Every line below is to be set down again exactly; any image stays out.

§ **Data segment**
····················

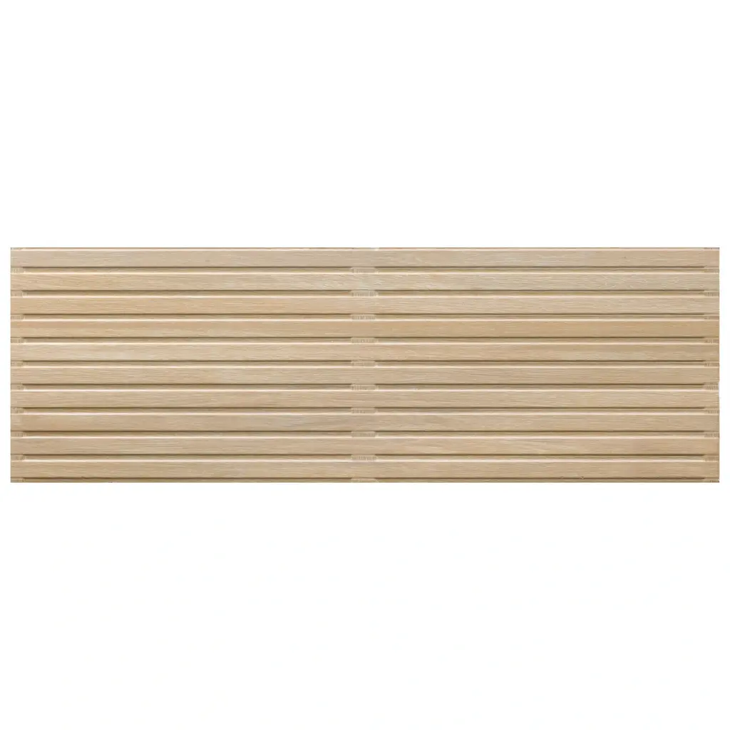 Replicating a wood look, our Spa Beige Ceramic Wall Tile features a smooth, satin finish, providing decorative appeal that adapts to a variety of stylistic contexts. Inspired by nature’s tranquility and earth’s warmth, the Spa Collection’s 3D wood-look ceramic tile captures wood’s timeless elegance with a satin finish, creating a warm, inviting, and organic ambiance that blends modern living with wood-strip charm. With its non-vitreous features, this beige rectangle tile is an ideal selection for indoor commercial and residential installations, including kitchens, bathrooms, backsplashes, showers, hallways and fireplace facades. This tile is a perfect choice on its own or paired with other products in the Spa Collection. Tile is the better choice for your space! 73.75 square feet, 25 pieces per pallet. Pallet weight is 299 lbs. Grade 1, first-quality ceramic tile for wall use 11.88 in. width x 35.5 in. length x 0.41 in. thick Glazed, smooth finish with a medium sheen and slight variation in tone PEI Rating 0 is suitable for wall use only Non-Vitreous tiles have water absorption of more than 7% for indoor use DCOF value is not available for this product. Please reference the PEI and MOHS rating for installation. Not frost resistant Please note: A sample of this product may be a partial piece cut from the full size tile in order to provide an affordable and convenient way for customers to judge the quality and finish of this item. Samples are not returnable.
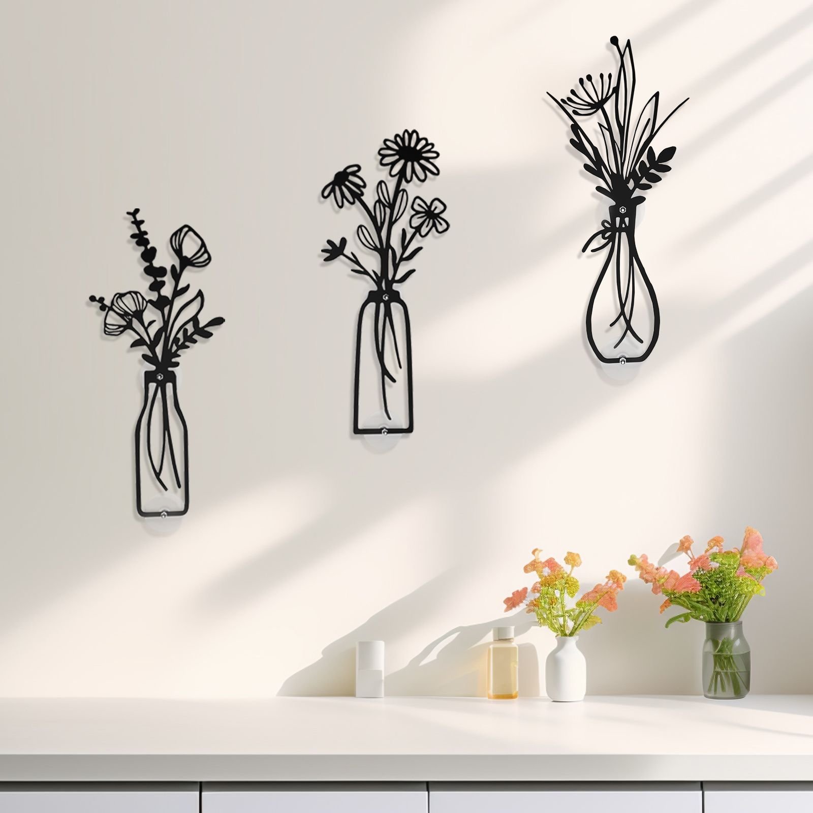 Home > 3-Piece Metal Vase Floral Wall Art - Rustic Farmhouse Decor Metal Wall Art Black Minimalist Floral Nature Theme Wall Decor Suitable for Home Bedroom D
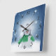 Relógio Quadrado Homem de neve com lenço verde pequeno

····················

§ **Task output**
 Replicating a wood look, our Spa Beige Ceramic Wall Tile features a smooth, satin finish, providing decorative appeal that adapts to a variety of stylistic contexts. Inspired by nature’s tranquility and earth’s warmth, the Spa Collection’s 3D wood-look ceramic tile captures wood’s timeless elegance with a satin finish, creating a warm, inviting, and organic ambiance that blends modern living with wood-strip charm. With its non-vitreous features, this beige rectangle tile is an ideal selection for indoor commercial and residential installations, including kitchens, bathrooms, backsplashes, showers, hallways and fireplace facades. This tile is a perfect choice on its own or paired with other products in the Spa Collection. Tile is the better choice for your space! 73.75 square feet, 25 pieces per pallet. Pallet weight is 299 lbs. Grade 1, first-quality ceramic tile for wall use 11.88 in. width x 35.5 in. length x 0.41 in. thick Glazed, smooth finish with a medium sheen and slight variation in tone PEI Rating 0 is suitable for wall use only Non-Vitreous tiles have water absorption of more than 7% for indoor use DCOF value is not available for this product. Please reference the PEI and MOHS rating for installation. Not frost resistant Please note: A sample of this product may be a partial piece cut from the full size tile in order to provide an affordable and convenient way for customers to judge the quality and finish of this item. Samples are not returnable.
 Home > 3-Piece Metal Vase Floral Wall Art - Rustic Farmhouse Decor Metal Wall Art Black Minimalist Floral Nature Theme Wall Decor Suitable for Home Bedroom D
 Relógio Quadrado Homem de neve com lenço verde pequeno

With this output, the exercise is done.